Osteogenesis imperfecta (OI) is the most common and extensively studied form of primary osteoporosis. However, it remains a rare disease, with an estimated prevalence of 1 in 20,000 births. Its pathophysiology involves defects in the synthesis or structural organization of collagen, the primary component of bone matrix. The hallmark feature of OI is an increased susceptibility to low-energy fractures. The most common types of OI follow an autosomal dominant inheritance pattern, whereas rarer forms exhibit autosomal recessive or X-linked inheritance. To date, mutations in more than 24 genes have been identified as causative factors for this disease. In 90% of cases, OI results from mutations in COL1A1 or COL1A2, the genes encoding the α1 and α2 chains of collagen type I. In other cases, mutations typically affect genes involved in the post-translational modification of collagen type I. The clinical spectrum of OI varies widely, ranging from mild phenotypes to severe forms that may result in perinatal or neonatal lethality [12,13,14,15]. The revised Sillence clinical classification describes five types of OI, each of which is associated with one or more causative genes [16]. Type I is the mildest form, type II is lethal, type III is the most severe non-lethal form, and types IV and V present moderate severity. The primary clinical features of OI appear at different stages of life, depending on the underlying genetic mutation and the severity of the phenotype. These include recurrent fractures, skeletal deformities, dentinogenesis imperfecta (DGI), short stature, blue sclerae, hearing deficits, and ligamentous laxity [1,2,3,4,6]. Existing evidence indicates that individuals diagnosed with OI are more likely to present with complex and distinct malocclusion patterns compared to those without the condition [11,12,17].

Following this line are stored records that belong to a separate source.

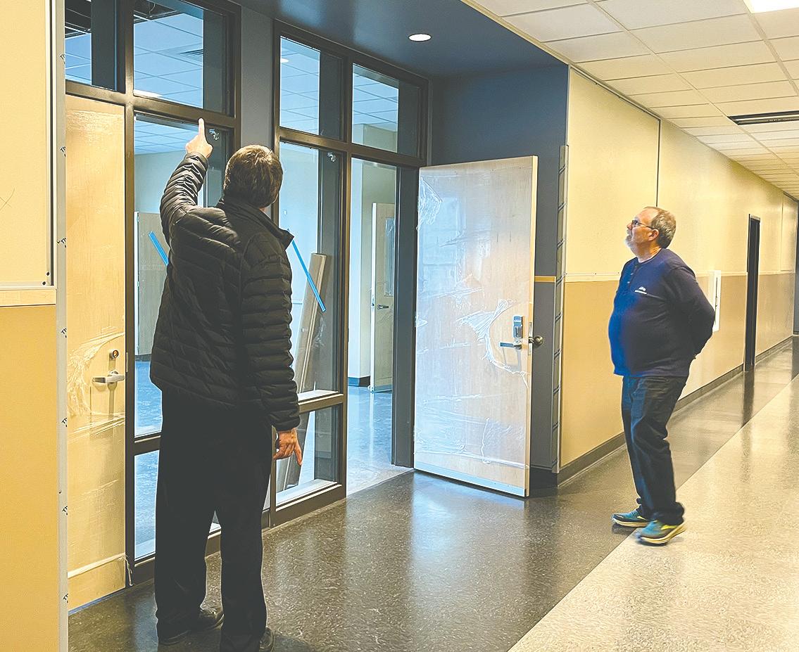The project is on time and on budget, though there have been some alterations due to increased construction costs. The gym is a little smaller than originally planned, and a planned rollup door to the outside of the library was scrapped in favor of a large window. However, the gym remains expansive, striped for activities ranging from dodgeball to pickleball, and capable of holding two physical education classes
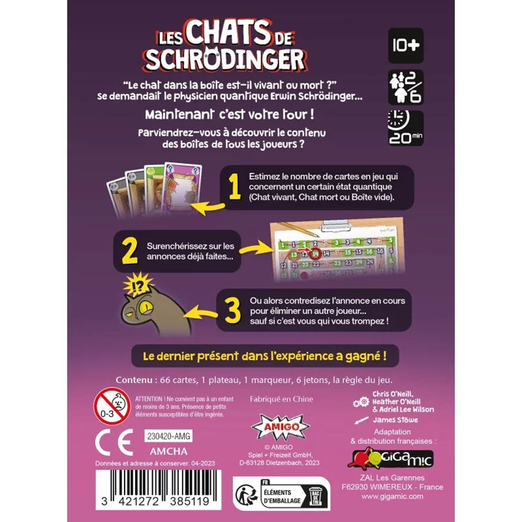 Estimez le nombre de cartes en jeu qui concernent un certain état quantique (Chat vivant, Chat mort ou Boîte vide).
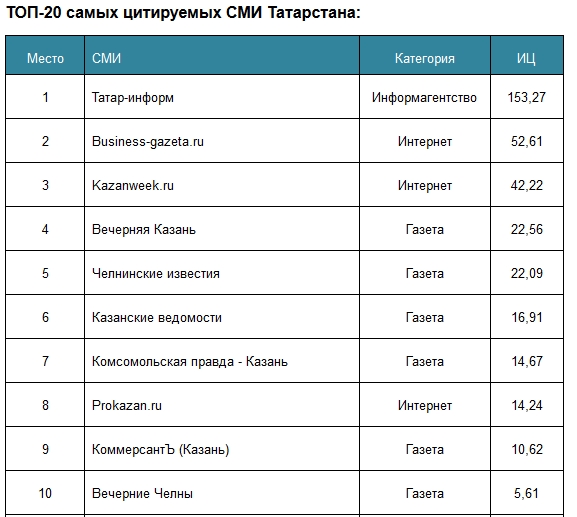 Лидеры медиа-рейтинга – информационное агентство Татар-информ, а также Интернет-ресурсы Business-gazeta.ru и Kazanweek.ru
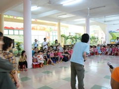 パワフルで、才能あふれるベトナムの若者たち。![]() 専門家の方々に3Rプロジェクトの概要を伺う 最初に訪問したのは、ハノイ市を中心に行われている3Rプロジェクトです。ベトナムでは人々の環境意識がまだまだ低く、ごみの分別が出来ていないこと。集められたごみを適切に処理する仕組みも不十分であること。そのため3Rプロジェクトでは、テレビCMを利用したキャンペーンから、生ごみ堆肥化のプラント建設まで、幅広い活動を行っていること等について説明を受けました。 その後、私たちはこのプロジェクトに協力しているベトナムの学生たちと交流する機会に恵まれました。自分達と同年代でありながら、流暢な英語を操り、自信と誇りに満ちた表情で活動を紹介するベトナムの若者たち。別れを惜しむ僕らと対照的に、これから英語のレッスンに行くから!と、手を振った彼女たちの笑顔はとても輝いて見えました。 ハノイの至る所でポイ捨てがされている様子を見ると、まだまだ「循環型社会」への道のりは長いようにも思われますが、英語の上手なベトナムの若者たちが大活躍する日が、早く来て欲しいと強く感じました。 楽しませることから楽しむことへ 〜青年海外協力隊訪問〜![]() Ninh Son小学校。シャイな子どもも「ハイタッチ」をすれば自然と笑顔に 続いて、小学校や幼稚園、障害児施設で活動する青年海外協力隊の方々を訪ねました。学校によって規模や設備は異なるものの、新しい遊びをするのが大好きなのはどこの子どもも一緒。日本の歌や遊びを紹介する授業の用意もしていたのですが、気が付けば最後には全校生徒が集まってきて大騒ぎ…。「こんなに生き生きとした子ども達を見たのは久しぶり!」と言って頂いたのは本当に嬉しかったです。授業前の緊張感もどこへやら。肩肘張らずに自分達も楽しむことが、子ども達との距離を縮める一番の方法だと気付かされました。短い時間ではありましたが、こうして「外国人と遊んだ」思い出が、一人でも多くのベトナムの子ども達の心に残って欲しいものです。 暗記中心のカリキュラムが依然根強く、間違うことを「悪いこと」とする風潮の残るベトナム教育界にいて、子ども達の日々の成長を優しく見守る協力隊の方々の姿は、とても輝いて見えました。 おわりに 〜国際協力の現場を訪ねて〜![]() 10月20日幼稚園では全園児による大歓迎。こんなに大勢の前で話すのはやはり緊張します…。 これまで私たちは、「技術移転」を単純なモノの移動のように考えてきました。しかし今回こうして協力隊の方々を訪れた事で、そこには異なる文化の接触に伴う非常に人間臭いドラマが存在することに気付かされました。環境・教育・医療それぞれの分野で、日本が培ってきた技術や精神を紹介しようと日々泣き笑う日本人がいて、それらの取捨選択に悩むベトナムの人々がいることに気付かされました。世界中で活躍するJICAボランティアの姿が、さらに多くの人たちへと伝えられる事を望みます。 そして今回のツアーが、今も世界の人々のために活躍されている日本人の存在を思い出して、今回ツアーに参加してくれたメンバーの一人でも多くが、「今度は自分が」と何かに本気でチャレンジするきっかけになってくれたのなら、企画者としてこの上ない幸せです。 |

The teeth of individuals with OI exhibit a reduced mesiodistal dimension compared to healthy controls. The magnitude of this reduction varies by tooth type, with a mean decrease of 0.17 mm. Incisors and first premolars are the most commonly affected, whereas molars exhibit the least reduction in size. When OI coexists with DGI, the impact on dentin collagen is more pronounced, both qualitatively and quantitatively, resulting in a greater reduction in mesiodistal tooth dimensions compared to individuals with OI alone. The effect of OI on mesiodistal tooth dimensions appears to be independent of sex and jaw location. This reduction in tooth size partially explains the less pronounced dental crowding observed in individuals with OI compared to their healthy peers [18].

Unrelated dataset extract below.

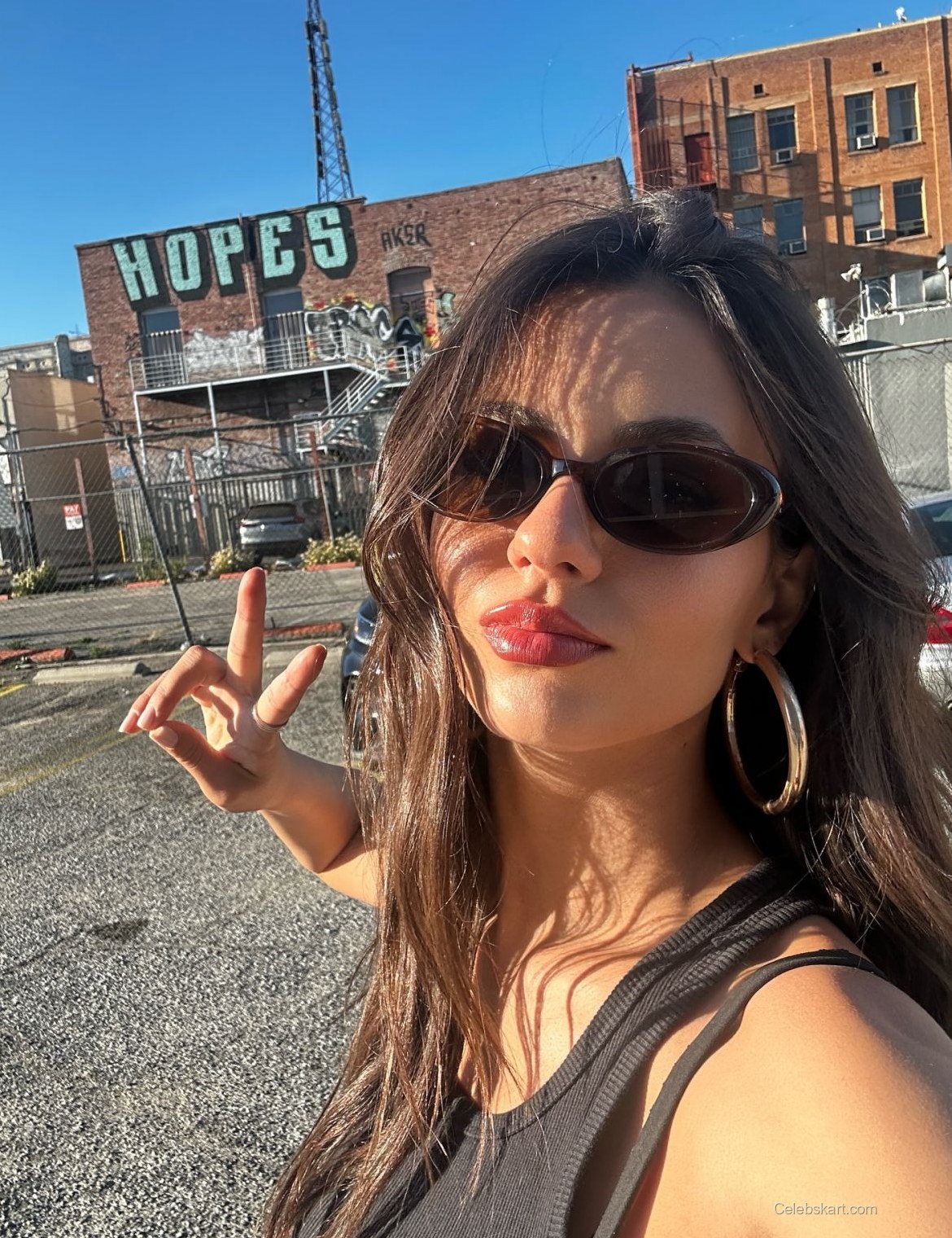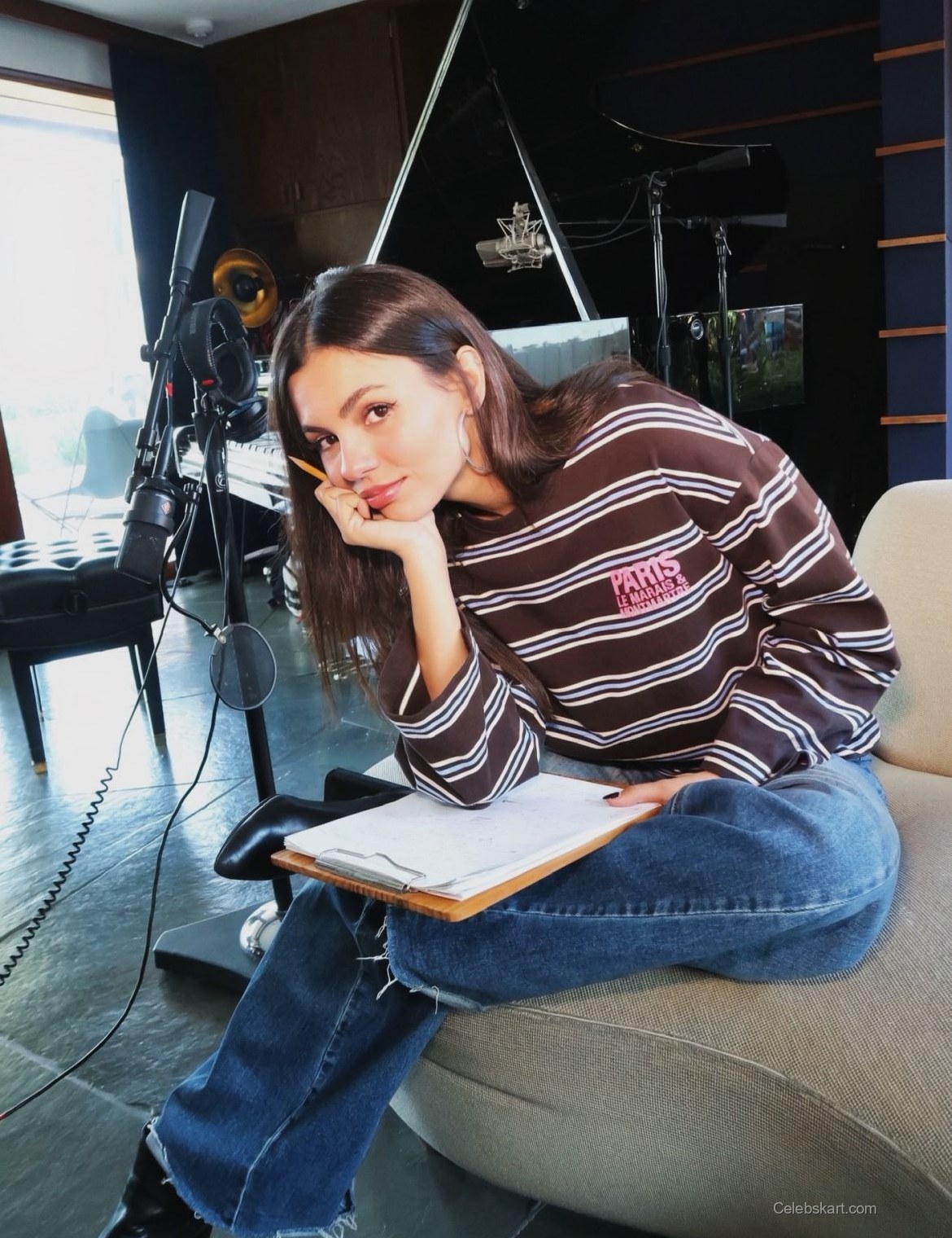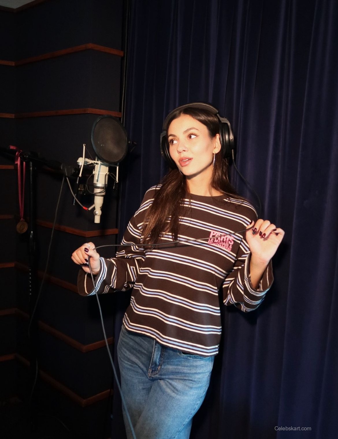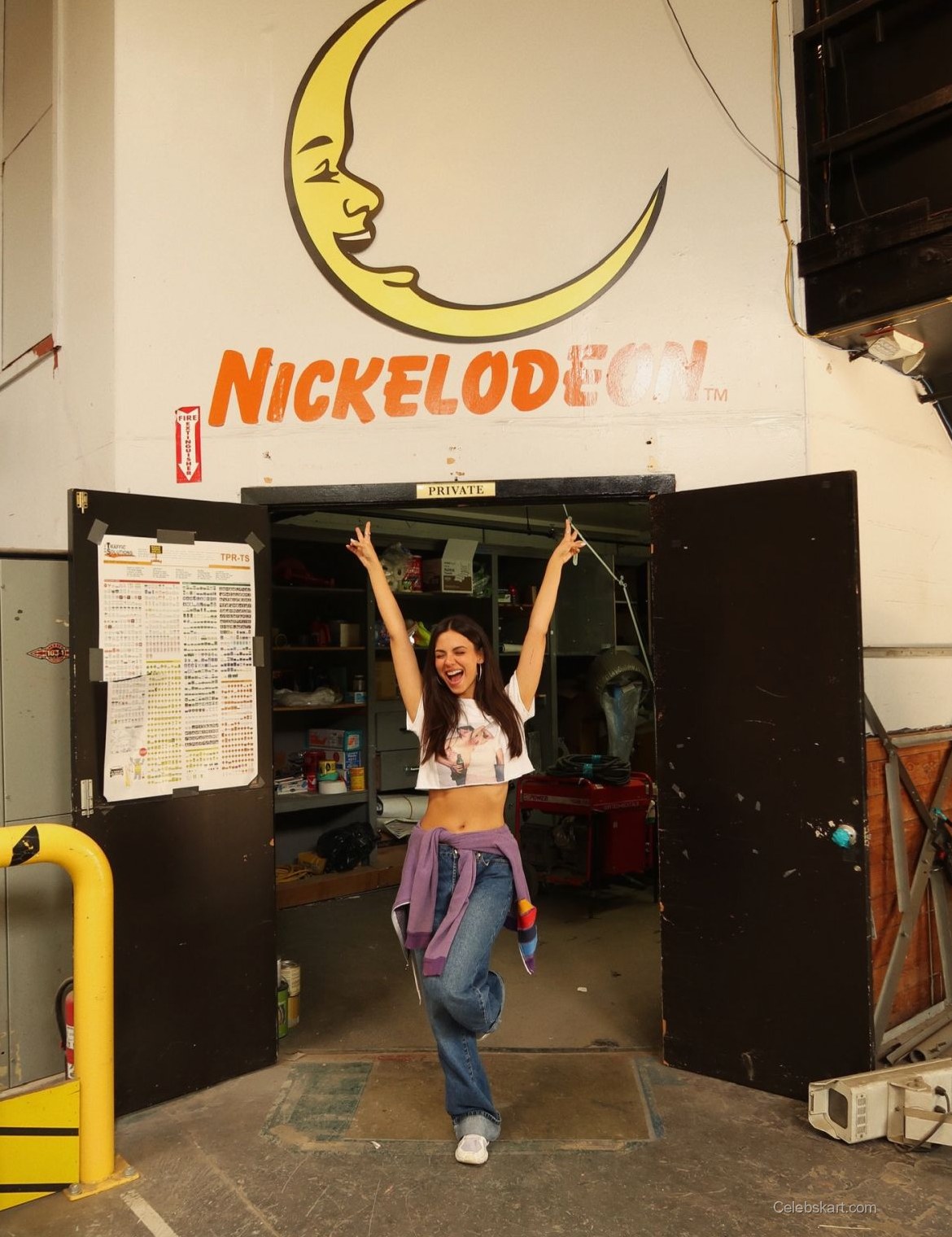 In one candid moment, Victoria could be seen striking a fun pose near the Nickelodeon logo, her arms raised in excitement. The setting was filled with creative energy, reflecting the vibrant atmosphere of the studio. Sunlight streamed through the door behind her, adding a warm glow to the scene. In another shot, she was seen playfully leaning against the doorframe, wearing a broad smile that showcased her infectious joy.

In addition to congenital deficiencies, unerupted teeth are frequently observed in children with OI. This phenomenon is particularly evident in second permanent molars, primarily in the maxilla, where the incidence of delayed eruption or complete failure of eruption is remarkably high [OI type III (70%), OI IV (35%), and OI I (2%)], an occurrence that is exceedingly rare in healthy individuals (0–2.3%) [19,20]. Notably, these unerupted teeth do not appear to be associated with any physical obstruction in their eruption pathway. The majority of these unerupted molars were located in the maxilla. According to Andersson et al., a possible explanation for this phenomenon is the craniofacial growth pattern in OI, which may negatively influence the eruption of second permanent molars. In contrast, bisphosphonate therapy (discussed in detail below) does not appear to affect the eruption of these teeth [19].

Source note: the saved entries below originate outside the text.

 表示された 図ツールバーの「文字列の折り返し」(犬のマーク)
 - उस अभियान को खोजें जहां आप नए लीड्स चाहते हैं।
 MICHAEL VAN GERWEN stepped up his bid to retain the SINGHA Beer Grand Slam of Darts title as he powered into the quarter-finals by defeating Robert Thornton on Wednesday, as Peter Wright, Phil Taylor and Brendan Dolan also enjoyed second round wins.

Another significant challenge for orthodontists treating patients with OI is the increased prevalence of dental agenesis. According to Taqi et al., individuals with OI have an average of 2.4 congenitally missing teeth and 0.8 unerupted teeth per patient. The prevalence of congenitally missing or unerupted teeth is notably higher in individuals with OI and varies depending on tooth type and OI subtype, with the highest rates observed in types III, IV, and I. Specifically, patients with moderate to severe OI had a considerably greater prevalence of tooth agenesis, with 52% of those with OI type IV and 61% of those with OI type III affected, compared to only 11% of patients with OI type I, while in the general population, the average proportion is about 6.5%. This study also found that patients with OI most commonly lack first premolars, canines, first molars, and central incisors. The high prevalence of dental agenesis in these individuals may result from the deleterious effects of structurally abnormal type I collagen on tooth germ formation and/or the early stages of tooth development and mineralization. Anterior teeth are more frequently missing in the maxilla, whereas posterior teeth are more commonly absent in the mandible. These findings may be associated with the underdeveloped maxilla and overdeveloped mandible typically observed in OI patients, particularly in types III and IV [20].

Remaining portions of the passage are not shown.